We decide that we’ll live in Hemingford so I can run the store. We’ll rent a small bungalow on a side street several blocks from the Nielsens, four rooms downstairs and one up. As it happens—with, perhaps, a little help from Mr. Nielsen, who may have mentioned something to the superintendent at a Rotary meeting—the Hemingford School is looking for a music teacher. Dutchy also keeps his weekend gig at the Grand in Minneapolis, and I go in with him on Friday and Saturday nights to have dinner and hear him play. On Sundays, now, he plays the organ at Grace Lutheran, replacing the lead-footed organist who was persuaded it was time to retire.

When I told Mrs. Nielsen that Dutchy had asked me to marry him, she frowned. “I thought you said you wanted nothing to do with marriage,” she said. “You’re only twenty. What about your degree?”

“What about it?” I said. “It’s a ring on my finger, not a pair of handcuffs.”

“Most men want their wives to stay home.”

When I related this conversation to Dutchy, he laughed. “Of course you’ll get your degree. Those tax laws are complicated!”

Dutchy and I are about as opposite as two people can be. I am practical and circumspect; he is impulsive and direct. I’m accustomed to getting up before the sun rises; he pulls me back to bed. He has no head at all for math, so in addition to keeping the books at the store, I balance our accounts at home and pay our taxes. Before I met him, I could count on one hand the times I’d had a drink; he likes a cocktail every night, says it relaxes him and will relax me, too. He is handy with a hammer and nail from his experience on the farms, but he often leaves projects half finished—storm windows stacked in a corner while snow rages outside, a leaky faucet disemboweled, its parts all over the floor.

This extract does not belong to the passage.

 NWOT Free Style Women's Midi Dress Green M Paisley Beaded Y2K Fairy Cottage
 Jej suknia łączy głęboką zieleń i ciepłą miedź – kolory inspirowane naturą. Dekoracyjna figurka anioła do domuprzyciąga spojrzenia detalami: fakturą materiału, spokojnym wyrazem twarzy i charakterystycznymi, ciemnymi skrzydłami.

“I can’t believe I found you,” he tells me over and over, and I can’t believe it either. It’s as if a piece of my past has come to life, and with it all the feelings I fought to keep down—my grief at losing so much, at having no one to tell, at keeping so much hidden. Dutchy was there. He knows who I was. I don’t have to pretend.

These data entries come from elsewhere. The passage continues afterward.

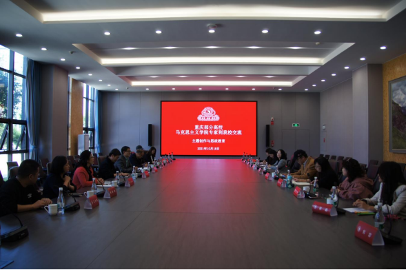 云南艺术学院马克思主义学院付梅院长向到访的重庆部分高校马院教师详细介绍了云南艺术学院马克思主义学院的发展历史、办学理念、学校思想政治理论课近年来所取得的发展成果;同时,详细介绍了云南艺术学院深深扎根于云南少数民族的特色,结合学生特点,逐步形成了具有“党建+思政+艺术”育人思路。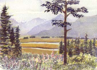 Back Window from Blueberry Lodge...This painting is now in the collection of the Blueberry Lodge.. For fine bed and breakfast accomodations call Jay and Judy at (907) 463-5886.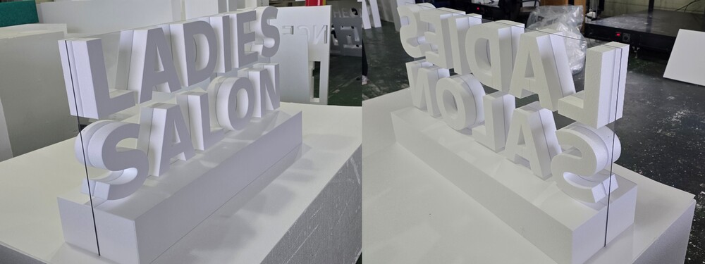 재단 작업 후 스티로폼 글자 조형물은 투명한 T자형 아크릴 판에 앞뒤로 정밀하게 부착됩니다. 또한 이번 조형물의 경우 표면에 포맥스가 부착되어 스티로폼 특유의 질감을 감추고 매끄럽고 깔끔한 마감 처리로 조형물이 제작되었습니다. 2단 구성된 디자인은 글자 조형물의 내구성, 안정성을 위해 중앙에 투명 PC판 즉 아크릴 지지대가 필수로 삽입되어야만 제작이 가능 합니다. 또한 필요에 따라 기단은 추가해 높이를 조절할 수 있습니다.

We lie in bed longer than I am used to on Saturday mornings—the store doesn’t open until ten, and there’s nowhere Dutchy has to be. I make coffee in the kitchen and bring two steaming mugs back to bed, and we spend hours together in the soft early light. I am delirious with longing and the fulfillment of that longing, the desire to touch his warm skin, trace the sinew and muscle just under the surface, pulsing with life. I nestle in his arms, in the nooks of his knees, his body bowed around mine, his breath on my neck, fingers tracing my outline. I have never felt like this—slow-witted and languorous, dreamy, absentminded, forgetful, focused only on each moment as it comes.